-- WHAT YOU SHOULD DO --
Copy out the listing that follows exactly, dropping every picture.

-- GIVEN INFORMATION --
◆ ◆ ◆
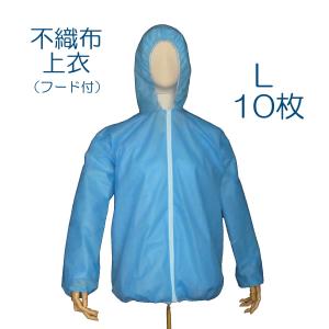 不織布 使い捨て 上着 上衣 L 10着 フード付 ブルー 2-03B ズボン併用可
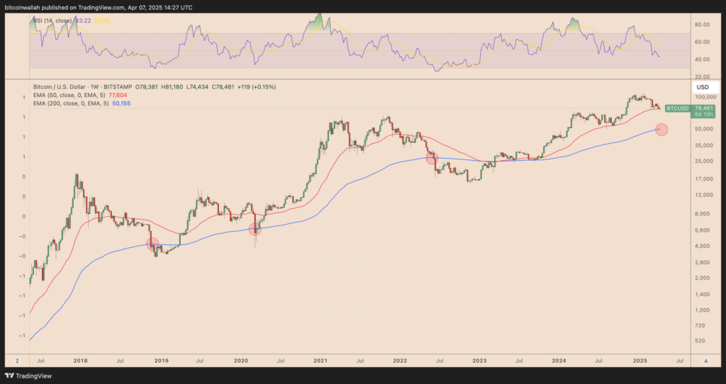 بیت کوین در حال حاضر در حال آزمودن یک سطح تکنیکال کلیدی است: میانگین متحرک نمایی ۵۰ هفتهای (۵۰-week EMA) که از نظر تاریخی مرز میان فازهای صعودی و نزولی در بازار محسوب میشود.
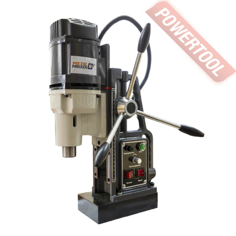 Магнитный сверлильный станок METAL MASTER MDM-50E предназначенный для обработки резанием заготовок из конструкционных материалов (сталей, чугунов, сплавов цветных металлов). Данное оборудование применяется для сверления и рассверливания отверстий в труднодоступных местах, экстремальных и полевых условиях. Конструктивной особенностью данного класса станков является электромагнитное основание необходимое для надёжной фиксации станка на заготовке в различных положениях (в том числе горизонтальном и перевернутом).
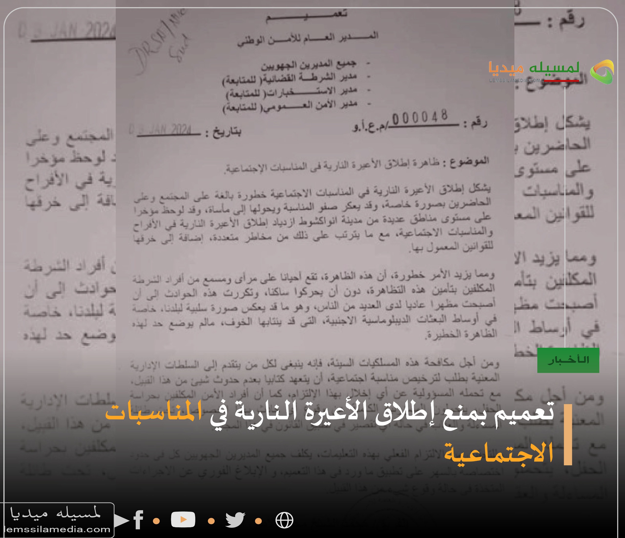 ودعا مدير الأمن إلى إلزام من يتقدم بطلب ترخيص مناسبة اجتماعية أن يتعهد كتابيا بعدم إطلاق الأعيرة النارية «مع تحمله المسؤولية عن أي إخلال بهذا الالتزام».
◆ ◆ ◆
-- RESPONSE AREA --
 不織布 使い捨て 上着 上衣 L 10着 フード付 ブルー 2-03B ズボン併用可
 بیت کوین در حال حاضر در حال آزمودن یک سطح تکنیکال کلیدی است: میانگین متحرک نمایی ۵۰ هفتهای (۵۰-week EMA) که از نظر تاریخی مرز میان فازهای صعودی و نزولی در بازار محسوب میشود.
 Магнитный сверлильный станок METAL MASTER MDM-50E предназначенный для обработки резанием заготовок из конструкционных материалов (сталей, чугунов, сплавов цветных металлов). Данное оборудование применяется для сверления и рассверливания отверстий в труднодоступных местах, экстремальных и полевых условиях. Конструктивной особенностью данного класса станков является электромагнитное основание необходимое для надёжной фиксации станка на заготовке в различных положениях (в том числе горизонтальном и перевернутом).
 ودعا مدير الأمن إلى إلزام من يتقدم بطلب ترخيص مناسبة اجتماعية أن يتعهد كتابيا بعدم إطلاق الأعيرة النارية «مع تحمله المسؤولية عن أي إخلال بهذا الالتزام».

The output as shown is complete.